Namun, kekuatan utama “JUMBO” bukan hanya terletak pada aspek visualnya. Kisah Don, seorang anak bertubuh besar yang merasa diremehkan, menyentuh berbagai isu relevan dalam kehidupan masyarakat Indonesia, termasuk tentang kepercayaan lokal dan kondisi keluarga yang kompleks. Cerita yang ditulis Ryan Adriandhy ini membawa penonton pada petualangan yang tidak hanya seru, tetapi juga sarat pesan moral. Tak ayal, cerita tersebut terasa dekat dengan audiens, apalagi saat menggambarkan hubungan keluarga dan pertemanan.
Namun yang paling menonjol dari keseluruhan karya ini adalah bagaimana musik mengambil peran sentral dalam menghadirkan emosi yang maksimal. Departemen musik “JUMBO” mampu menghadirkan pengalaman sinematik yang emosional dan menyentuh hati, di mana scoring yang menghidupkan setiap adegan sukses membuat banyak penonton meneteskan air mata saat menonton.
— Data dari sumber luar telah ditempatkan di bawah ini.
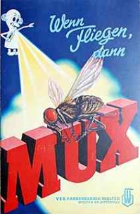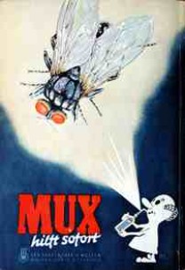 Obwohl nur vier Monate pro Jahr präsent, war auch das für ein gleichnamiges Insektenvernichtungsmittel werbende „Mux-Männchen“ eine ebenso bekannte wie beliebte Werbefigur. „Es kommt und verschwindet mit den Fliegen“ bemerkt Neue Werbung. Aus gleicher Quelle ist auch zu erfahren, dass die Figur von Anfang an nicht nur zum Einsatz als dreidimensionale Plastik, sondern auch für „die flächige Anwendung auf dem Plakat und im Inserat“ konzipiert war: „Die vielfältige Verwendbarkeit bei Mux ist also kein Zufall“. Es entstand so eine ganze Reihe von Anzeigenmotiven, in denen Mux zumindest größenmäßig jedoch nur eine Randfigur abgibt.

Saat menontonnya sesekali kita merasakan nuansa “Gala Bunga Matahari” dari Sal Priadi dalam scoringnya.
Original soundtrack “JUMBO” yang beragam turut memperkuat karakter emosional film ini. Lagu “Kumpul Bocah” dari Maliq & D’Essentials, misalnya, tak hanya sekadar nostalgia, tetapi menjadi anthem baru yang menghidupkan kembali kenangan masa kecil yang penuh petualangan.
Namun, penghargaan terbesar patut diberikan kepada lagu “Selalu Ada di Nadimu” yang dibawakan Bunga Citra Lestari (BCL). Diracik oleh trio produser Laleilmanino, lagu ini terasa begitu mendalam dan berisi pesan kuat seorang ibu untuk anaknya. Lewat lirik yang jujur dan hangat seperti:
“Kala nanti badai ‘kan datang
Angin akan buat kau goyah
Maafkan, hidup memang ingin kau lebih kuat.”
Lagu ini jelas berbicara pada hati orangtua, menyampaikan perasaan tentang realita hidup yang keras dan kesadaran bahwa ada kalanya anak-anak harus menghadapi dunianya sendiri. Ada versi yang dibawakan Prince Poetiray dan Quinn Salman, tetapi versi BCL dengan vokalnya yang hangat menjadi begitu kuat terutama ketika dinyanyikan dalam adegan film. Tak heran banyak penonton dewasa yang mengaku terharu bahkan menangis tersentuh oleh lagu ini.
Secara unik, “Selalu Ada di Nadimu” menurut kami tidak benar-benar diarahkan untuk anak-anak sebagai pendengar utama, melainkan justru mengincar orangtua yang menemani anaknya menonton film. Sebuah strategi cerdas yang menjadikan lagu ini tak hanya sukses secara musikal, tetapi juga sebagai elemen yang sangat penting dalam keseluruhan pengalaman sinematik “JUMBO”.
Kekuatan musik ini seolah menjadi pengingat bahwa tidak semua kondisi keluarga utuh dan sempurna. Namun setiap orang tetap mampu menemukan kebahagiaan dan melengkapi potongan puzzle kehidupannya sendiri, sebagaimana pesan dalam cerita Don. Pada akhirnya, lewat “JUMBO”, Visinema Studios tidak hanya menghadirkan karya hiburan semata, tetapi juga karya seni yang memiliki kedalaman emosional yang kuat dan relevansi sosial tinggi.
Dan di atas semuanya itu, “JUMBO” menjadi bukti nyata bahwa industri kreatif Indonesia mampu bersaing secara global. Film ini akan segera tayang di berbagai negara, membuktikan bahwa cerita dengan nilai-nilai universal dari Indonesia dapat diterima di mana saja.